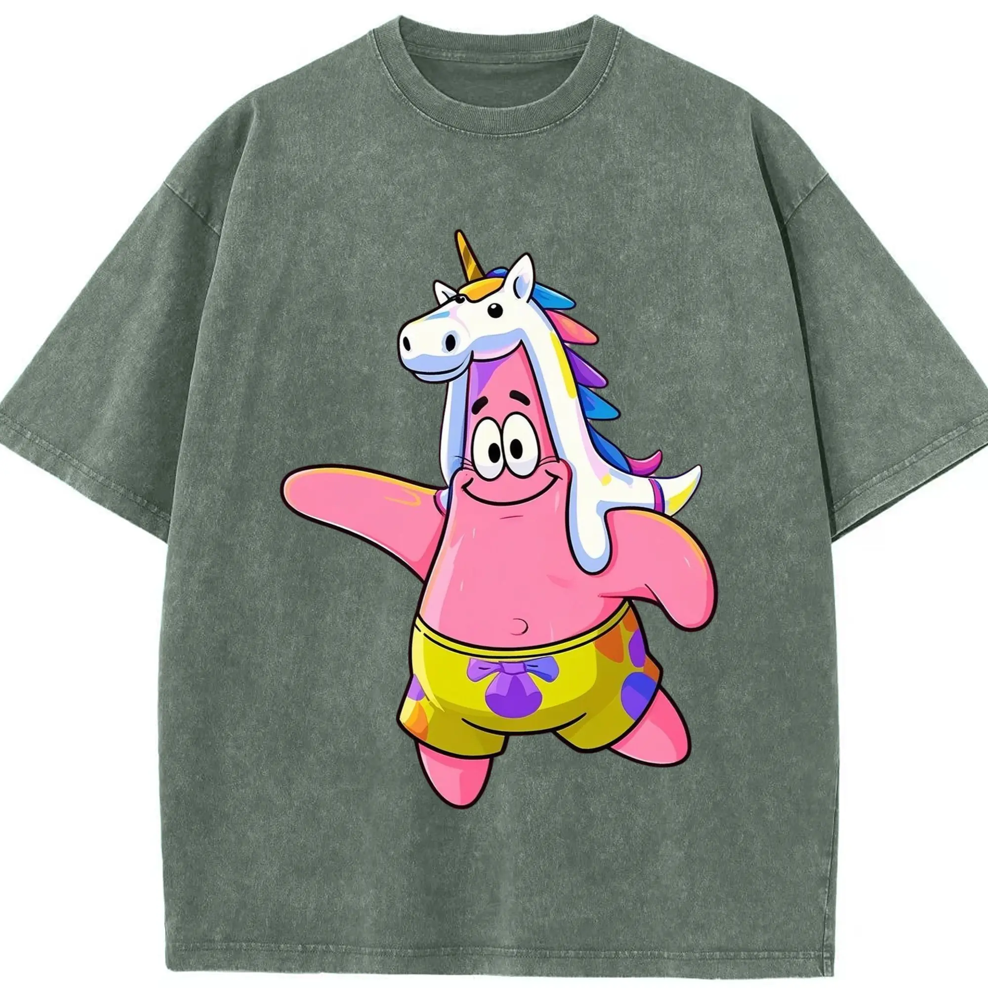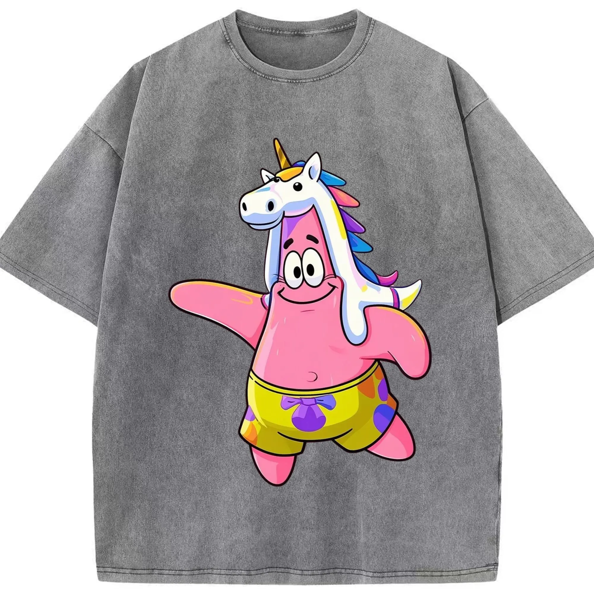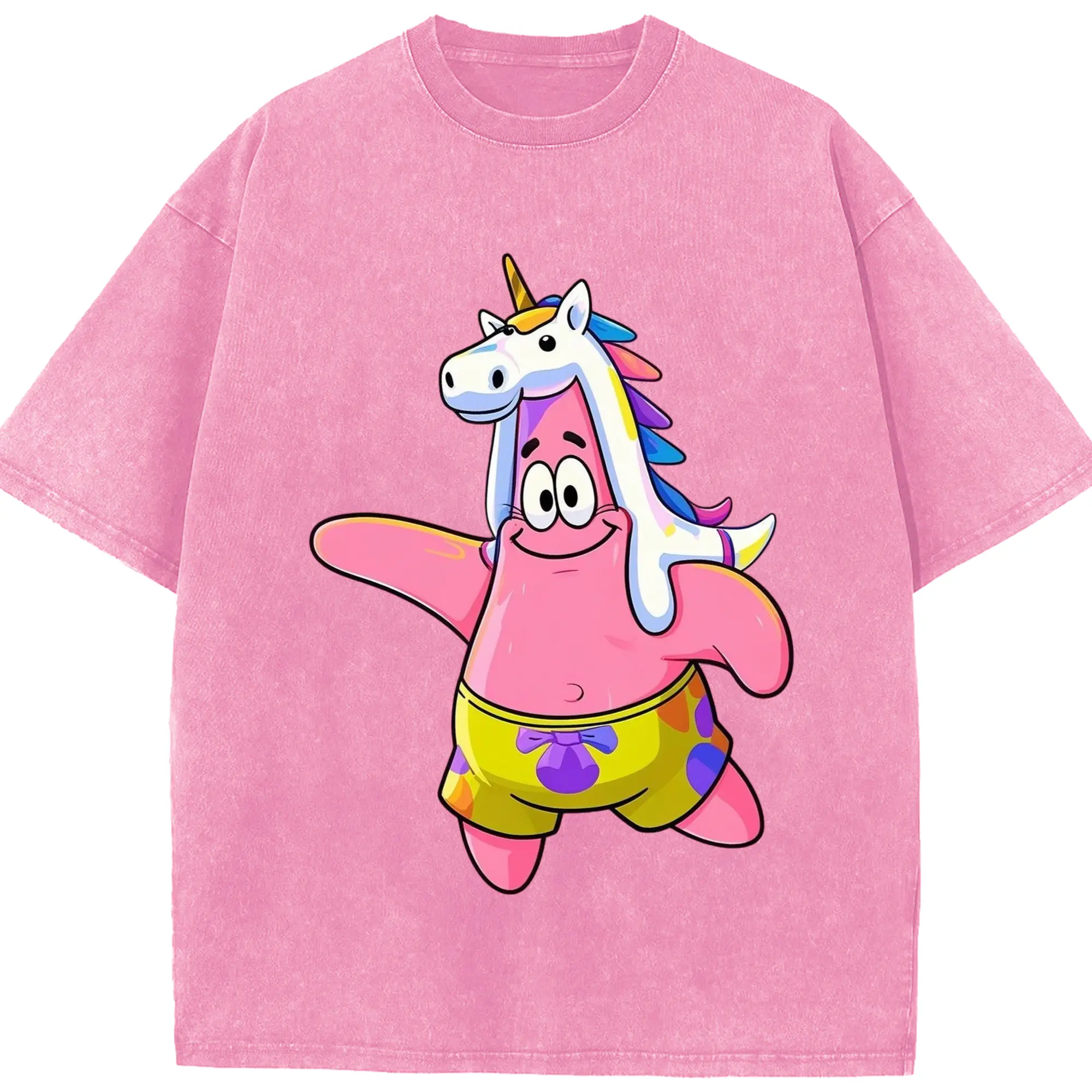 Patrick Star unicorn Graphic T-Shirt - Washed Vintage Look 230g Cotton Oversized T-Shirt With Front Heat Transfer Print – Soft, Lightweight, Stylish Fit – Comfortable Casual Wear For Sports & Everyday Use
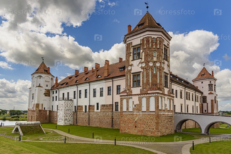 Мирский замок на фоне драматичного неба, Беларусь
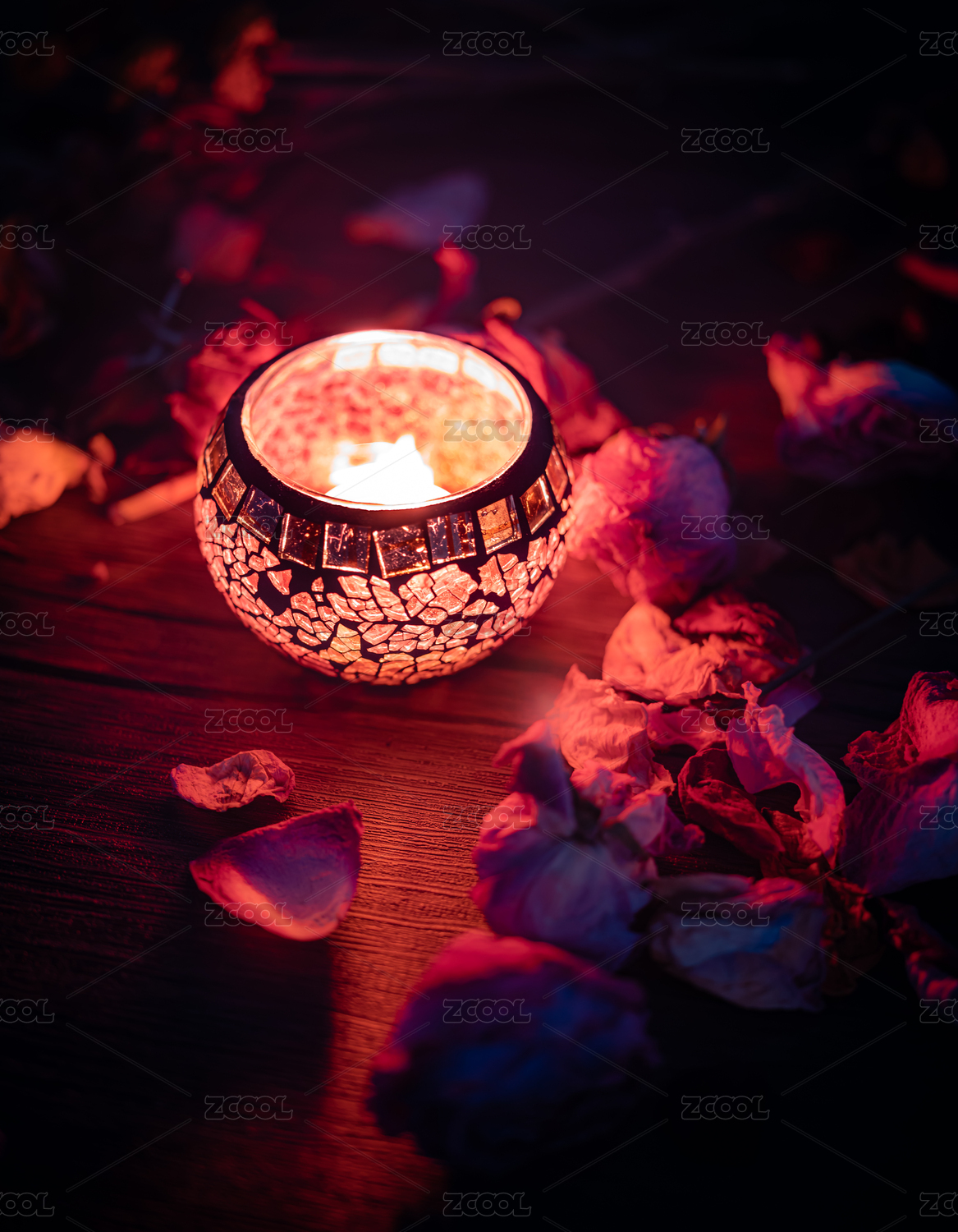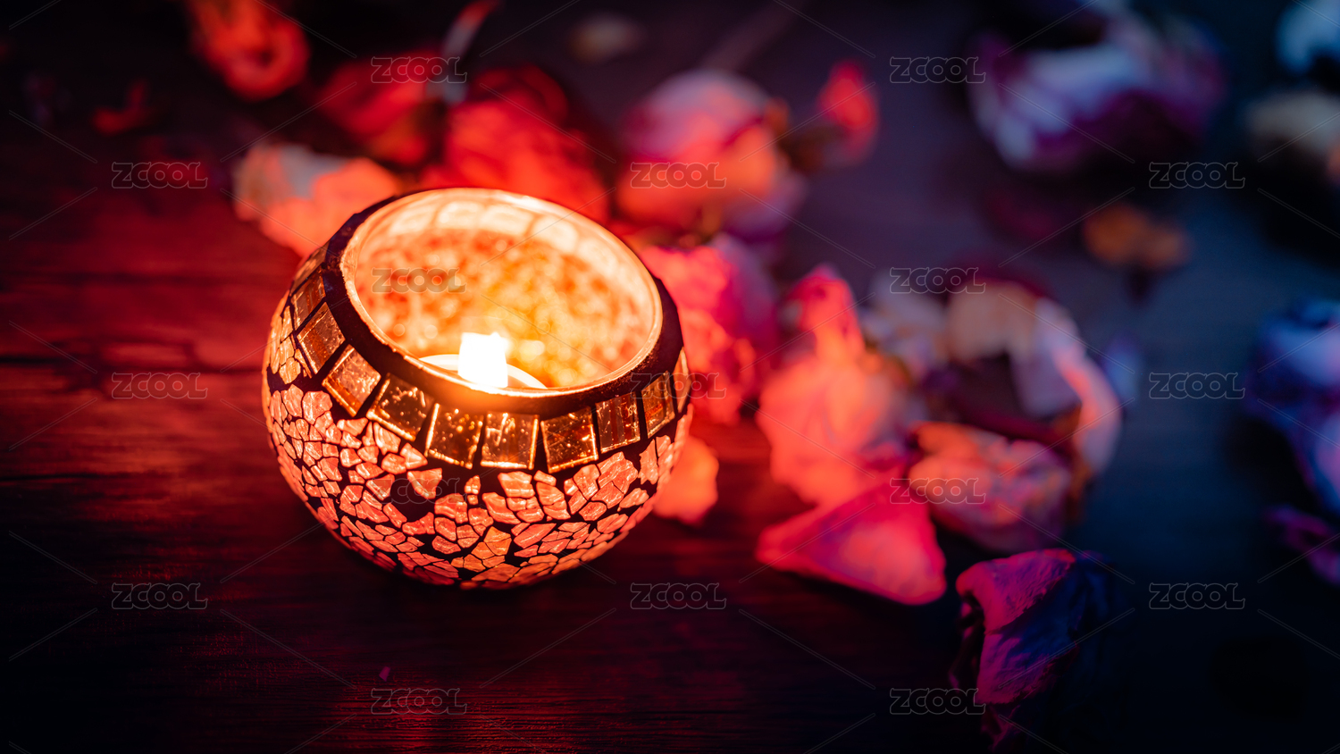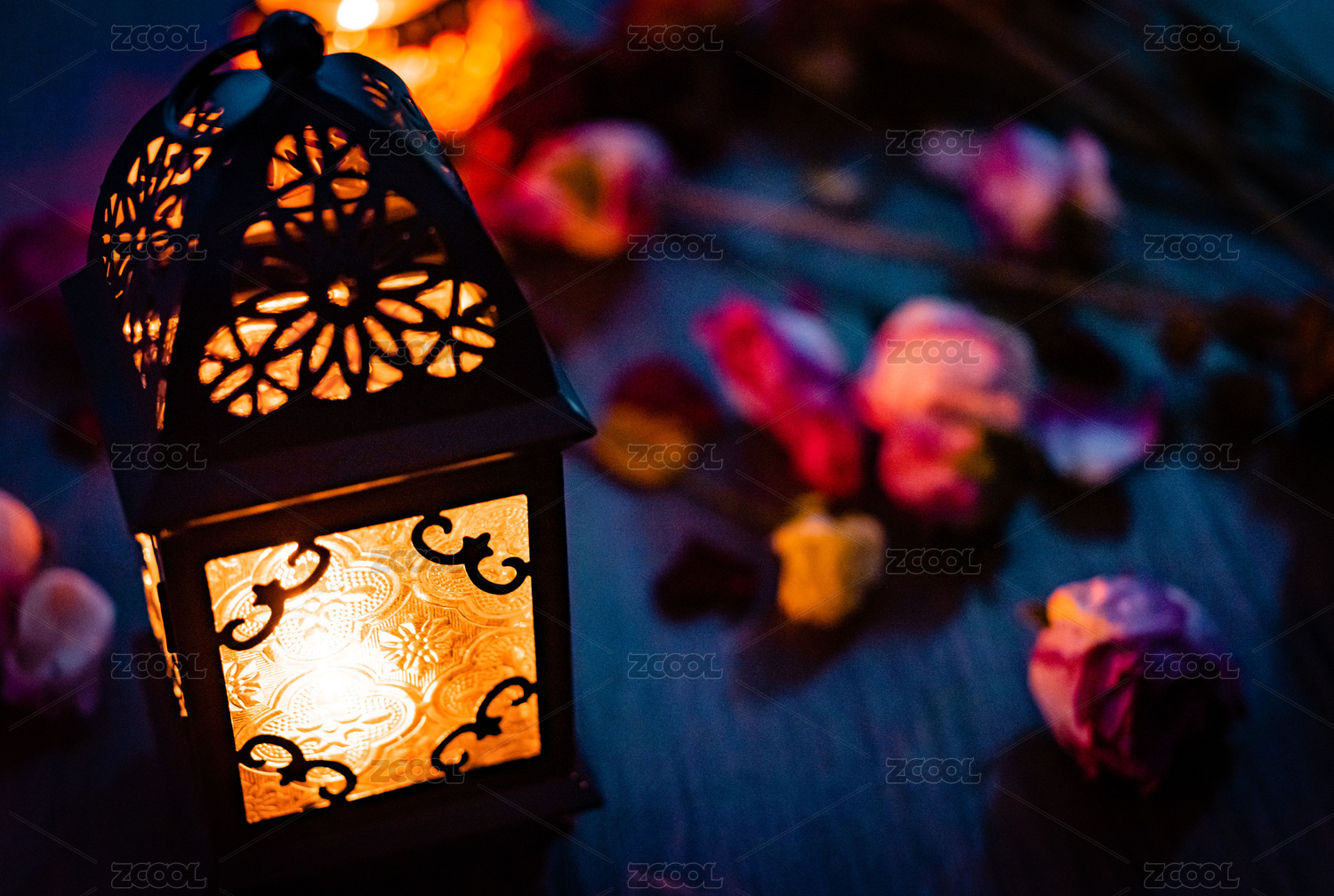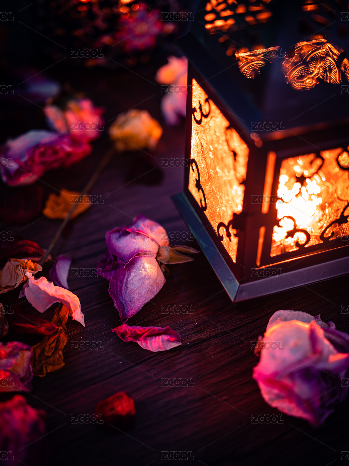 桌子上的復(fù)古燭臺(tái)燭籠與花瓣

============================================================

▶ _Assignment_
Write out the data word for word. Any picture is to be skipped.

▶ _Written reply_
 Patrick Star unicorn Graphic T-Shirt - Washed Vintage Look 230g Cotton Oversized T-Shirt With Front Heat Transfer Print – Soft, Lightweight, Stylish Fit – Comfortable Casual Wear For Sports & Everyday Use
 Мирский замок на фоне драматичного неба, Беларусь
 桌子上的復(fù)古燭臺(tái)燭籠與花瓣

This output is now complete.